WORK TO BE COMPLETED: The exercise calls for exact output of the lines between the one that contains "soočenje je koristno." and the end of the data, with both ends kept and pictures left out.

COLLECTED MATERIAL:
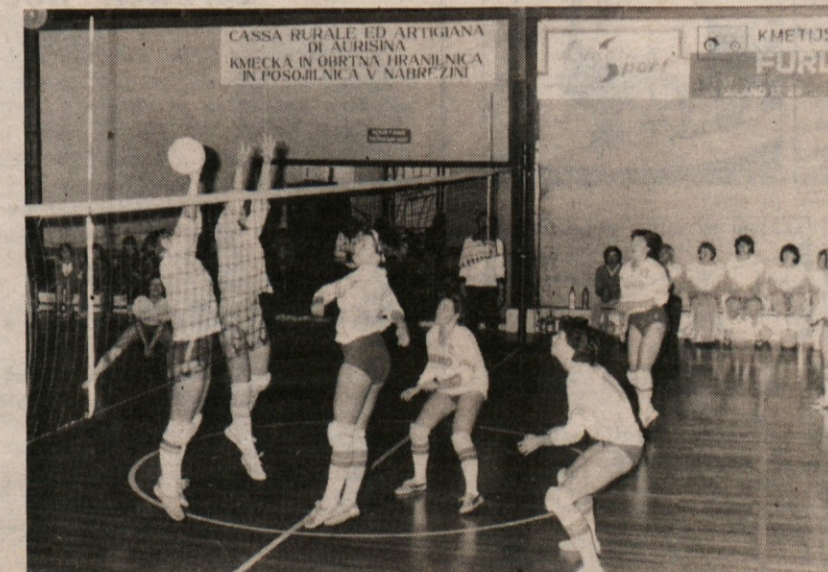
Odbojkarice Mebla med prvenstveno tekmo proti ekipi Volley Club iz Conegliana. Na sliki: naše predstavnice v napadu

PETERLIN: «Vsako soočenje je koristno. Ker smo se dotaknili tako široke problematike, je prav, da po tej poti nadaljujemo, mogoče že februarja, ko bo ZSSDI izdelalo podrobno analizo o demografskem stanju na Tržaškem. V odbojarskem svetu ni novost, da se sestajamo in razpravljamo. Pred dvema letoma smo imeli posvet o odbojki. Ugotavljam, da se težnje sedaj popolnoma razlikujejo od takratnih. To pomeni, da je naša odbojka v bistveni evoluciji. Ta, kot tudi druge okrogle mize bo prav gotovo imela širši odmev v javnosti in upam v pozitivnem smislu.»
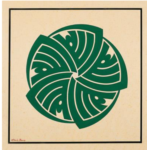
Resim 1: Allah beşli ( http://www.barincilt.com.tr/eminHat.html )

Emin Barın; 50x50cm ebatlarında hazırladığı çalışmada Arapça harflerle kullanılarak ALLAH yazmıştır. Yazı, form içerisinde biçim tekrarı yapılarak çoğaltılmıştır. Toplamda 5 adet Allah yazısı kullanılmıştır. Yazı krem rengi zemin üzerine yeşil renk ile yazılmıştır. Elif harfi, her biçimin birbirine bağlanmasını sağlayacak şekilde bir sonraki biçime doğru stilize edilmiştir. Çalışmanın sol altına baktığımızda, yeni harflerle yazılmış Emin Barın imzasına rastlamaktayız. Serbest Kreasyona dahil olan bu çalışmanın tarihi belirtilmemiştir (Resim 1).

REPLY TO THE EXERCISE:
PETERLIN: «Vsako soočenje je koristno. Ker smo se dotaknili tako široke problematike, je prav, da po tej poti nadaljujemo, mogoče že februarja, ko bo ZSSDI izdelalo podrobno analizo o demografskem stanju na Tržaškem. V odbojarskem svetu ni novost, da se sestajamo in razpravljamo. Pred dvema letoma smo imeli posvet o odbojki. Ugotavljam, da se težnje sedaj popolnoma razlikujejo od takratnih. To pomeni, da je naša odbojka v bistveni evoluciji. Ta, kot tudi druge okrogle mize bo prav gotovo imela širši odmev v javnosti in upam v pozitivnem smislu.»
Resim 1: Allah beşli ( http://www.barincilt.com.tr/eminHat.html )

Emin Barın; 50x50cm ebatlarında hazırladığı çalışmada Arapça harflerle kullanılarak ALLAH yazmıştır. Yazı, form içerisinde biçim tekrarı yapılarak çoğaltılmıştır. Toplamda 5 adet Allah yazısı kullanılmıştır. Yazı krem rengi zemin üzerine yeşil renk ile yazılmıştır. Elif harfi, her biçimin birbirine bağlanmasını sağlayacak şekilde bir sonraki biçime doğru stilize edilmiştir. Çalışmanın sol altına baktığımızda, yeni harflerle yazılmış Emin Barın imzasına rastlamaktayız. Serbest Kreasyona dahil olan bu çalışmanın tarihi belirtilmemiştir (Resim 1).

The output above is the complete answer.